EXERCISE REQUIREMENTS: Transcribe the listing below word for word but skip its images.

DATASET CONTENT:
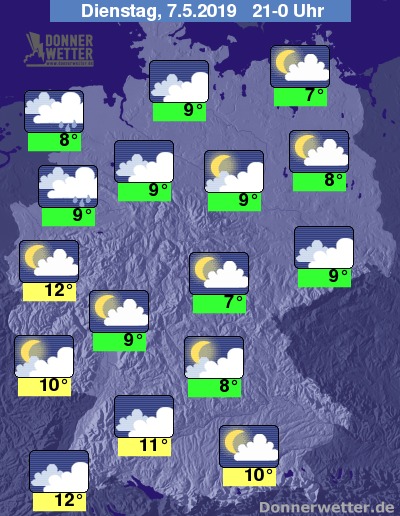Der Wind schläft verbreitet ein. Gegen Morgen dreht er auf Ost bis Süd und beginnt vor allem im Westen etwas aufzufrischen.
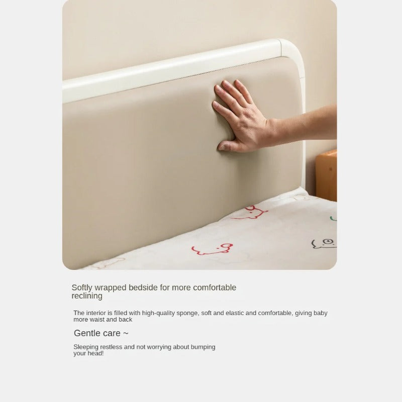 With an optimal height of 38cm when paired with an 8cm mattress, climbing in and out of bed is easy and comfortable for children of all sizes. The softly wrapped bedside provides a cozy and secure area for relaxation.
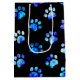 Black Blue Textured Paw Print Pattern Medium Gift Bag

WRITTEN ANSWER:
Der Wind schläft verbreitet ein. Gegen Morgen dreht er auf Ost bis Süd und beginnt vor allem im Westen etwas aufzufrischen.
 With an optimal height of 38cm when paired with an 8cm mattress, climbing in and out of bed is easy and comfortable for children of all sizes. The softly wrapped bedside provides a cozy and secure area for relaxation.
 Black Blue Textured Paw Print Pattern Medium Gift Bag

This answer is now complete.